Laxity promotes human smuggling in SADC
JOHANNESBURG, (CAJ News) – THE failure by Southern African countries to prosecute culprits is fuelling the problem of human trafficking in the region.
This has been the prevailing sentiment at a just-concluded meeting of senior officials from member states representing the Immigration authorities, Police, Prosecutors and ministries of Justice, organized by the Southern African Development Community Secretariat and the UN Office on Drugs and Crime.
It emerged despite the existing regulations of legal migration systems, people in the SADC region move continuously for a range of reasons – to seek employment, to escape poverty, to reunite with their families, to flee internal conflict.
However, the difficulty in accessing legal channels for migration often forces individuals to rely on the services of smugglers to reach their destination.
Migrant smuggling generates large profits for the criminals involved – whether they are migrant smugglers or traffickers in the form of agents or employers.
While South Africa was identified as the main destination in the region for smuggled migrants, the criminal justice practitioners agreed that due to the scope and implications of illegal migration it was unfeasible for a single country can deal with it on its own.

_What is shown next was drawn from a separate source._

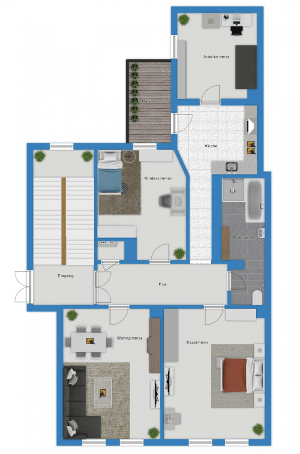 Das Wohnzimmer ist der Mittelpunkt der Wohnung und bietet ausreichend Platz, um sich eine kuschelige Wohnlandschaft einzurichten. Doch nicht nur das Wohnzimmer, sondern auch die drei weiteren lichtdurchfluteten Zimmer werden Ihnen gefallen.

SADC has developed a draft Regional Strategy to Combat Illegal Migration, Smuggling of Migrants and Trafficking in Persons in order to operationalize the regional ten-year Strategy to combat trafficking in Persons, especially Women and Children.
SADC has also established an Anti-Corruption Committee in order to strengthen measures against corrupt officials working at borders.
However, despite these regional cooperation initiatives, the number of criminal cases against smugglers is critically low.
The criminal justice practitioners acknowledged lack of a specific national legislations and cross-border cooperation to enable the effective criminal justice response to this issue.